Eyad Abu Shakra
TT

The Latest ‘September Turning Point’ of Arab History

September is rich with historical and political developments in our region. Over the past few decades, several major "turning points" have unfolded during this month, leaving major repercussions on Arab politics and the role of Arabs both as people and leaders.

On September 28, 1970, President Gamal Abdel Nasser died during the war between Jordan and Palestinian guerrilla organizations that became known as "Black September." Nasser's death and the Palestinian freedom fighter movements losing what had been their primary base since their inception in the late 1960s, was the greatest shock to traditional Arab nationalist thought of its kind.

At the time, many assumptions and convictions that had withstood (albeit tenuously) the defeat of June 1967 collapsed.

A wounded "Nasserism" sought to survive through the "War of Attrition" (1967-1970). However, this effort collapsed with Nasser's death and was ultimately brought to an end by the "coup" of his successor and former comrade-in-arms, Anwar Sadat.

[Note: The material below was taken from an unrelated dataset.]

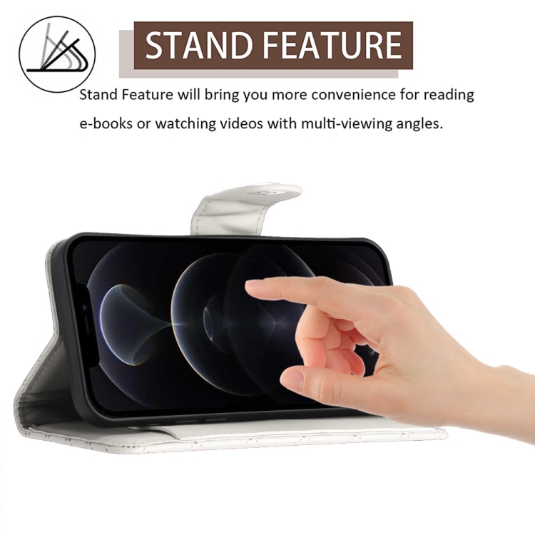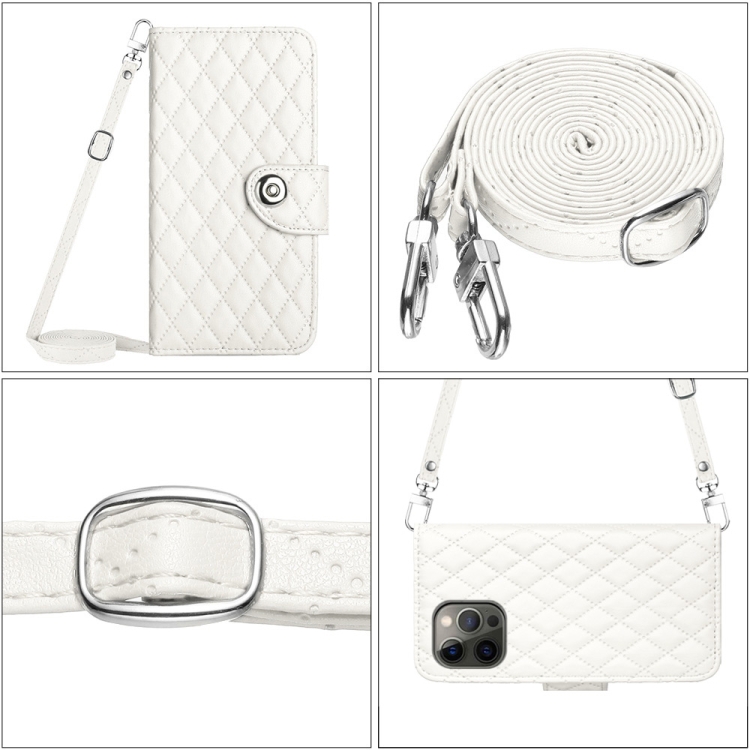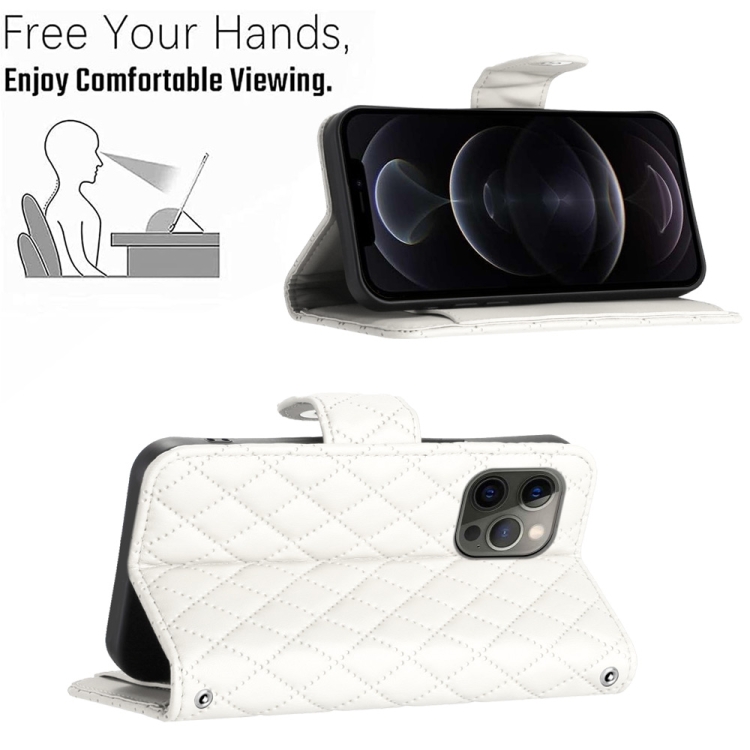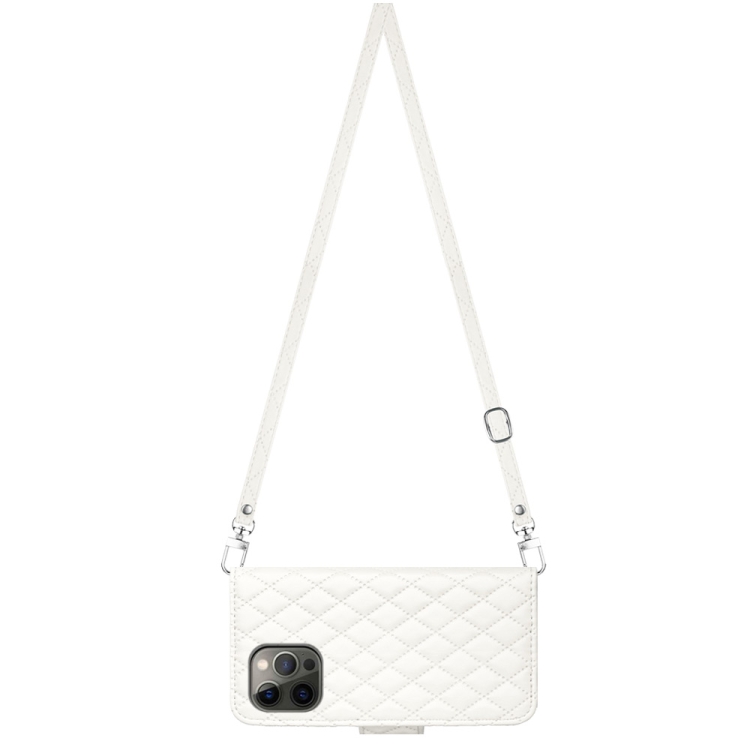 Funda para Teléfono iPhone 12 Pro Max Cuero Textura Rómbica Tapa Cordón Largo (Blanco)

Indeed, after Sadat struck those he called the "centers of power" through the "Corrective Revolution" in May 1971. Everything that Nasserism represented - as an idea, practice, and web of alliances - was thereby eradicated. Sadat led a socialist "Arabist Egypt" away from the Soviet Eastern bloc towards an alliance with the West, breaking with what had been an Arab consensus and betting on a unilateral peace agreement with Israel.

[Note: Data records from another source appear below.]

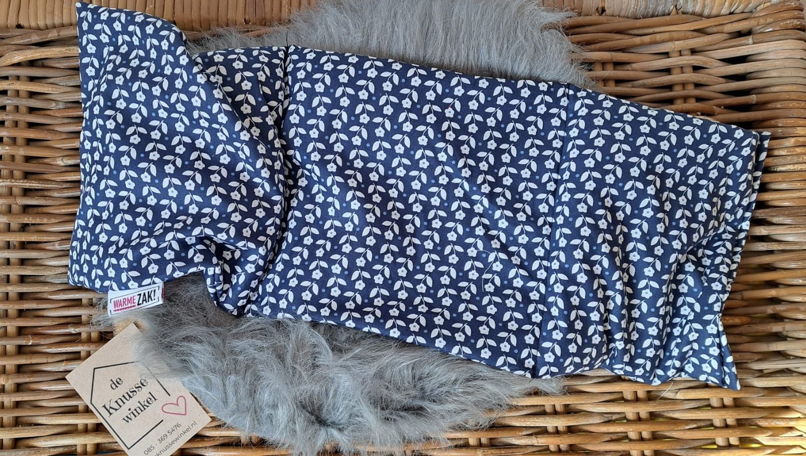 Rustgevend en stijlvol: de Warmezak! met blauwe stof en witte bloemenprint combineert natuurlijke charme met praktisch comfort. Ideaal voor wie warmte of verkoeling zoekt in een mooie, zachte verpakking.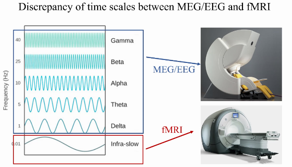 张老师首先介绍了静息态功能磁共振(rs-fMRI)中所使用的一些主要指标以及其神经基础的国内外研究进展。由于功能磁共振只能间接测量神经活动,并且其测量信号的时间维度也与通过脑磁图/脑电图等所测量的神经电生理信号不一致,因此理解rs-fMRI各项指标的神经电生理基础,对于fMRI的临床应用至关重要。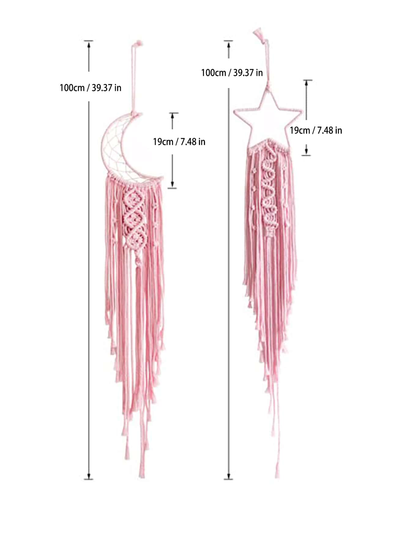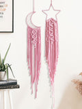 Boho Pink Moon & Star Polyester Wall Hanging Set - Home Decor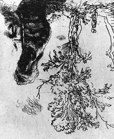 Рембрандт ван Рейн. Лист с этюдами дерева и глаза и неоконченным автопортретом (перевернут, чтобы отчетливее показать глаз). Ок. 1642. Офорт. Музей Метрополитен, Нью-Йорк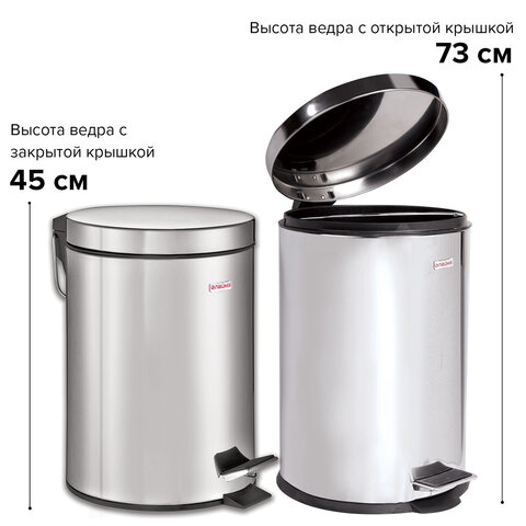 Ведро мусорное с педалью 20 литров "Classic", ЗЕРКАЛЬНОЕ, нержавеющая сталь, со съемным внутренним ведром, LAIMA, 232262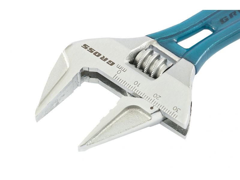 Разводной ключ Gross 15565 длиной 140 мм, из стали CrV, с укороченной ручкой и диапазоном раскрытия зева до 32 мм, подходит для работы как с мелкими, так и с крупными крепежными элементами. Губки раскрываются на 50% больше, чем у стандартных ключей. Ребристая рабочая поверхность губок обеспечивает надежный захват деталей и повышает точность работы.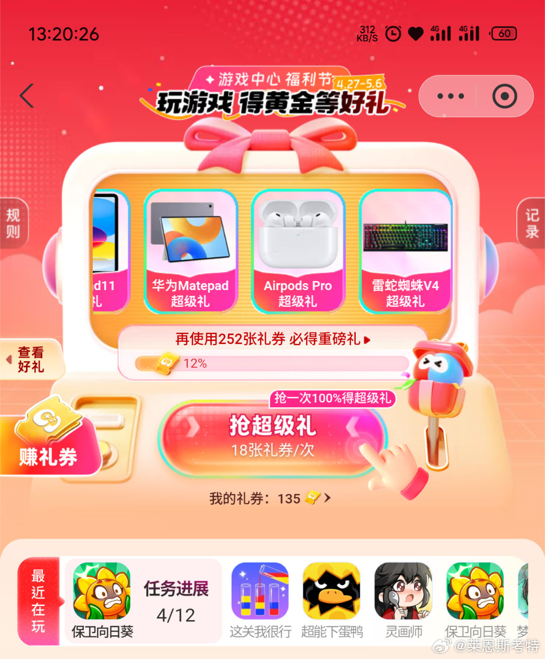 zfb【游戏中心】288张重磅礼 目前是全天随机中 不用卡0都行 ...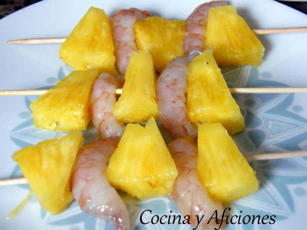 - Ensartamos los pinchos, empezamos con gamba, seguimos con piña y terminamos con tomate. Repetimos la operación.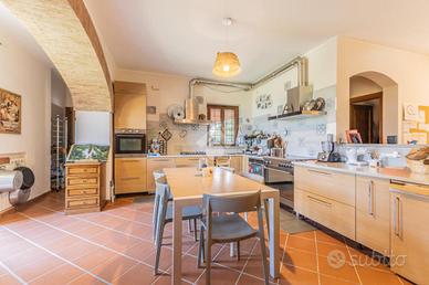 Il grande salone di rappresentanza, arricchito da un termocamino di ultima generazione, si apre verso la cucina con sala da pranzo, perfetta per ospitare momenti conviviali e ricevimenti esclusivi.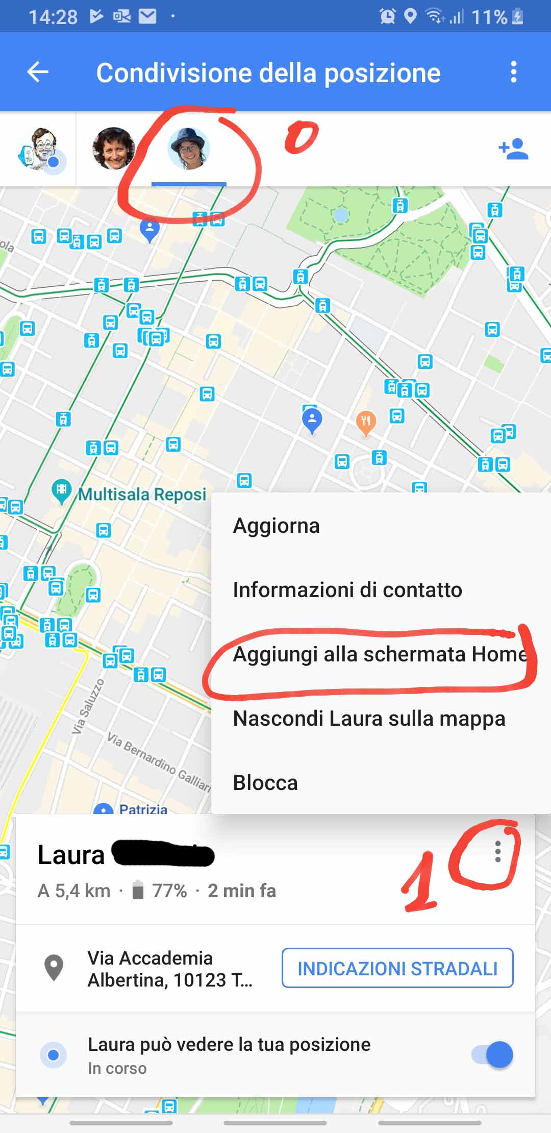 At the bottom, I created a homepage shortcut to the family members current position using the specific Google Maps feature: there is in fact an Add to Home (IT: Aggiungi alla schermata Home) option in the Share position section of Google Maps. Obviously an agreement should be provided in sharing with others each own position and that procedure is already handled by Google Maps.

The second "September turning point" came on September 11, 2001, when Al-Qaeda operatives launched unprecedented attacks with civilian passenger planes in New York, Washington, and rural Pennsylvania, killing almost 3,000 people.

Al-Qaeda was indeed one manifestation of militant Islamism. It developed as an alternative to a series of governance experiments in the Arab and Islamic worlds that followed the independence era (the second half of the 1940s).

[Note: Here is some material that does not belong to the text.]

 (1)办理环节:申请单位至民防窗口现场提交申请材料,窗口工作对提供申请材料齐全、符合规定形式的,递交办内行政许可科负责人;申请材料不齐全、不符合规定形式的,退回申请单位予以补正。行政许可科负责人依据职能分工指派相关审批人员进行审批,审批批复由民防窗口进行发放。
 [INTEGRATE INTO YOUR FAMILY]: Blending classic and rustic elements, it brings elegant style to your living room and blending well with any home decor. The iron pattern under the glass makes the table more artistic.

In the Arab world, a group of Arab states gained independence. Some upheld the banner of Arabism, others waged struggles in the name of their Islamic identity, and some bet on an enlightened modern bourgeoisie that did not see enmity with the West was inevitable within the context of a global Cold War that began the end of World War II and ended with the fall of the Berlin Wall and the collapse of the Soviet Union.

In the Islamic world, the loyalties of the most prominent newly independent states. There was the "non-alignment" of Ahmed Sukarno in Indonesia and the "Islamic" passions of Pakistan, which was eager to live by "Islam" and built its distinctive identity in opposition to the secularism of India... and then as part of the Western alliances that emerged to contain the Soviets during the 1950s. Indeed, Pakistan was a member of two such alliances: the Baghdad Pact (later CENTO) and the Southeast Asia Treaty Organization (SEATO).

The setback of the Arab alternative following 1967 was followed by the decline of the leftist-revolutionary alternative after the events in Jordan (1970), Egypt's alignment with the West (early 1970s), and then the armed Palestinian withdrawal from Lebanon in 1982 following the Israeli invasion. All of these developments revived a third alternative- the "Islamic alternative," especially after the success of the Khomeini revolution in Iran in 1979.

This "Islamic alternative" imposed itself on several Arab arenas. American support for the Afghan Mujahideen and their allies - including some Arabs - in a war aimed at trapping the Soviets in the Afghan swamp, brought armed struggle back to prominence. However, as we recall, Washington turned its back on this "alternative" (its Sunni manifestation at least) as soon as the communist enemy fell in Moscow.

This "betrayal," as the armed forces of "Sunni" political Islam saw it, drove Al-Qaeda to target the United States on September 11, 2001. The US response began in Afghanistan, where it targeted the Taliban (the successor of the Mujahideen), and it then attacked "Sunni" Iraq under the pretext of eliminating its "nuclear" military capabilities - which did not exist - that could threaten Israel!

In 2003, Iraq was attacked and occupied, and Saddam Hussein's regime was overthrown. As a result, Iraq, the "eastern gate of the Arabs," became easy prey for the Iranian mullahs, whom Washington had long "ignored," deciding not to target them despite their political rhetoric and geopolitical expansion and their actual development of a nuclear program.

September 27, 2024, was a turning point for dealing with "political Shiism," which emerged as a result of American "silence." It seems that allowing Israel to eliminate the leadership of Hezbollah, which is the spearhead of the Iranian Revolutionary Guards Corps (IRGC), has had extreme consequences, and more will follow.

Hezbollah, which has helped the Iranian regime build its influence in the Arab world - from the Gulf to Syria, and from Palestine to Yemen - on numerous occasions, was not just an organization allied with or subordinate to Tehran... it was organically linked to it.

It was an integral pillar of the Tehran regime’s security architecture.

Many questions arose after Iran’s leadership betrayed Hamas, standing idly by despite Israel's assassination of its leader, Ismail Haniyeh, in the heart of Tehran.

Some responded to these many questions by reminding those who had posed them that Hamas, is, after all, a Sunni organization; Iran had supported it purely to maintain its pretense of championing the cause and create the impression that they are doing more than the Arabs and Muslims.

However, its alliance with Hezbollah is entirely different. Not only is it a Shiite movement, with members and leaders from families claiming to be descendants of the prophet (Ahl al-Bayt), but it also materially and operationally constitutes the Lebanese branch of the IRGC.

Accordingly, what happened on the evening of September 27, 2024, the third "September turning point," will create an entirely new "situation" in Lebanon and the region. It may, in the coming weeks or months, decide the issue of a "settlement" on Iran’s role in the Arab region.